In a possible implementation, the step S702 may include the following steps:
s7021: and judging whether the fault handling scheme is a preset automatic handling type.
S7023: and if so, executing the processing flow instance by utilizing an automation platform, and acquiring an execution result returned by the automation platform.
S7025: if not, forwarding the handling process instance to a node of a target processing object by using an automation platform, so that the target processing object handles the target fault instance according to the handling process instance, and obtains an execution result returned by the target processing object.
S109: and checking the execution result to finish the treatment of the target fault instance.
In one embodiment of the present specification, the verification manner of the execution result may specifically include index comparison before and after fault handling, system health check, and failure-in-process analysis of the rerun fault tree. If the fault is confirmed to be eliminated, the fault handling process is ended; if the fault is not eliminated, the root cause analysis step can be returned again to re-determine the root cause and the fault solution. And after the treatment result is automatically checked, a treatment report and evaluation are synchronously generated and sent to the operation and maintenance manager.
In another embodiment of the present specification, specifically, the fault handling method may further include:
s901: a fault list is generated from at least one fault instance.
In one possible implementation, as shown in fig. 4, all fault instances are managed in the fault list, where the fault list includes, but is not limited to, a serial number, an operation and maintenance object name, an application system, a host name, an index name, a fault classification, a processing status, a recommended outage point, and a recommended root cause. And specific fault inquiry can be carried out according to the fault number, the aggregation time information and the inquiry condition of the contained alarm number.
S903: and performing root cause analysis on the at least one fault instance to generate a fault root cause list.
In a possible implementation, as shown in fig. 5, a root cause analysis operation is performed on a fault instance in the fault list, and after the analysis is completed, the system jumps to a visual interface of the fault root cause list, where the fault root cause list includes, but is not limited to, root cause, operation and maintenance object name, application system, host name, index name, troubleshooting time, root cause type, and root cause probability. The method can also be used for inquiring according to the root cause, so that the faults under the same root cause can be comprehensively known, and the propagation of the faults can be visually known.

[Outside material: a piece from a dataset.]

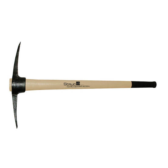 Кирка с удобна дървена дръжка на словенската марка STRUC. Инструментът е изработен от висококачествена стомана, която е гаранция за неговата дълготрайност и издръжливост при интензивна употреба. Дървеният сап също е много здрав. Кирката е с дължина 90см и тегло 2.0кг.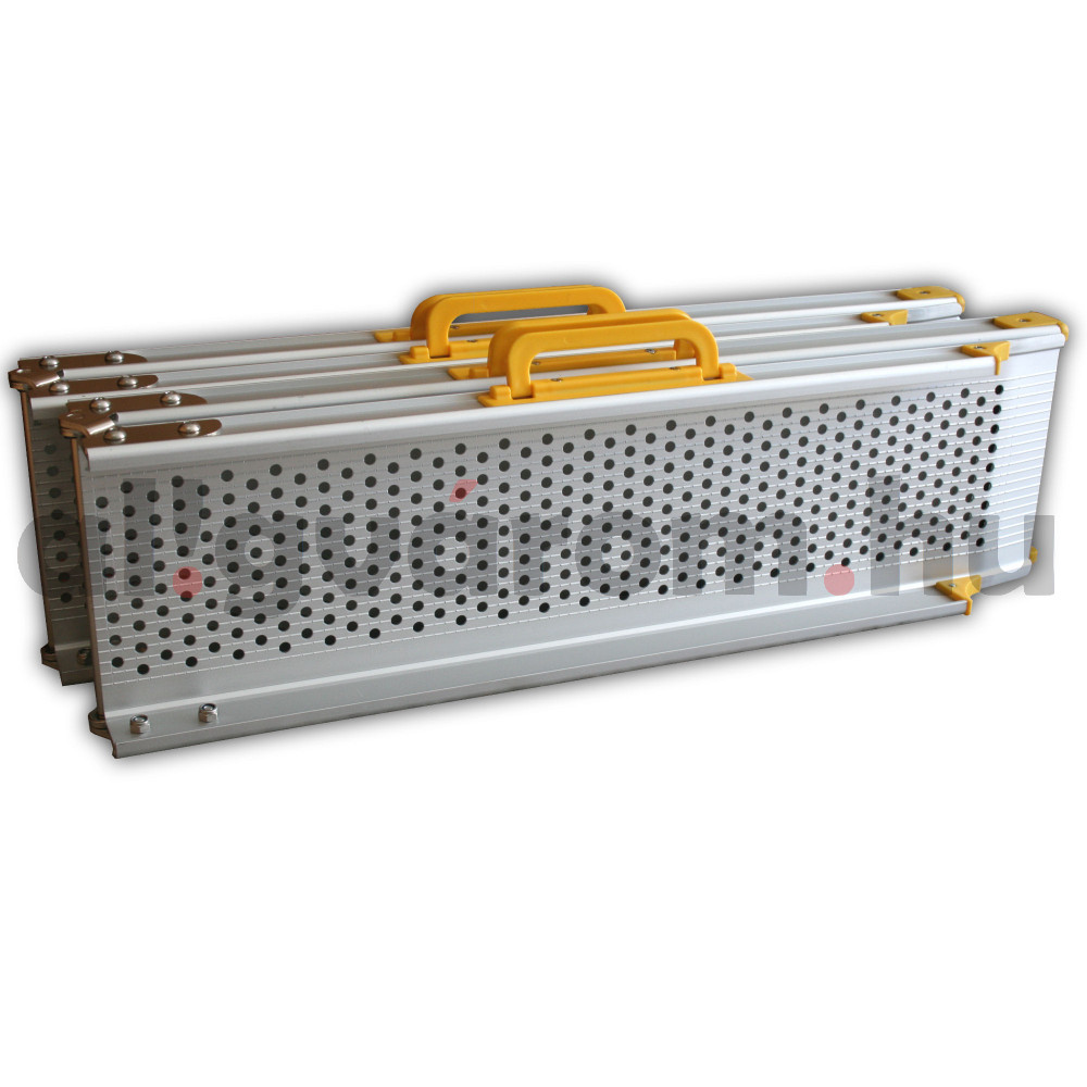 Ezek a rámpák ideálisak kerekesszékek rakodásához. Természetesen a rámpák számos más célra is használhatók. A rámpa különlegessége, hogy gyorsan összecsukható, és a kis súly miatt a rámpák bárhová magunkkal vihetőek. A rámpa sínje a lyukasztásoknak köszönhetően csúszásmentes.

S905: generating a failure solution list according to the at least one failure instance.
In one possible implementation, as shown in fig. 6, the fault solution list may include, but is not limited to, a root cause number, a root cause, a plan name, a plan content, an associated troubleshooting tree model, an operation and maintenance object name, an application system, a host name, a target name, and provides a configuration operation entry for fault handling to meet the requirement for manually configuring the fault handling plan.
S907: and checking fault information and fault propagation relation according to the fault list, the fault root cause list and/or the fault solution list.
In another possible embodiment, the instantiated fault solution is visualized to generate a list of fault solutions and a list of disposal flow instances, as shown in fig. 7 and 8. It can be understood that the information of the analysis and disposal links is visually operated, real-time information is provided for analysis, decision and disposal personnel, time overhead among different teams is reduced, and the coordination efficiency of fault disposal is improved.
In another embodiment of the present specification, a fault handling procedure as shown in fig. 9 may be adopted, in fig. 9, the loss prevention proposal does consider the main processing work of the fault analysis model, which is not shown in the figure; the treatment model matching includes step S105 and step S107 in this embodiment, and this example description is only for reference and is not a specific limitation to the content of the present invention, and the rest of the processing model matching is the same as the corresponding part in this embodiment, and is not described again here.
An embodiment of the present invention further provides an embodiment of a fault handling apparatus, as shown in fig. 10, the apparatus may include:
the first determining module 1010 is configured to obtain alarm information, and determine a target fault instance according to the alarm information;
a second determining module 1020, configured to obtain a fault analysis model, perform root cause analysis on the target fault instance through the fault analysis model, and determine a root cause, a loss stopping point, and/or a loss stopping suggestion of the target fault instance;
a failure solution generating module 1030 configured to match a target handling policy according to the root cause, the outage point, and/or the outage suggestion, and generate a failure solution for the target failure instance according to the target handling policy;
the executing module 1040 is configured to invoke a preset standard handling process to execute the fault solution, and obtain an execution result;
a checking module 1050, configured to check the execution result, and complete handling of the target fault instance.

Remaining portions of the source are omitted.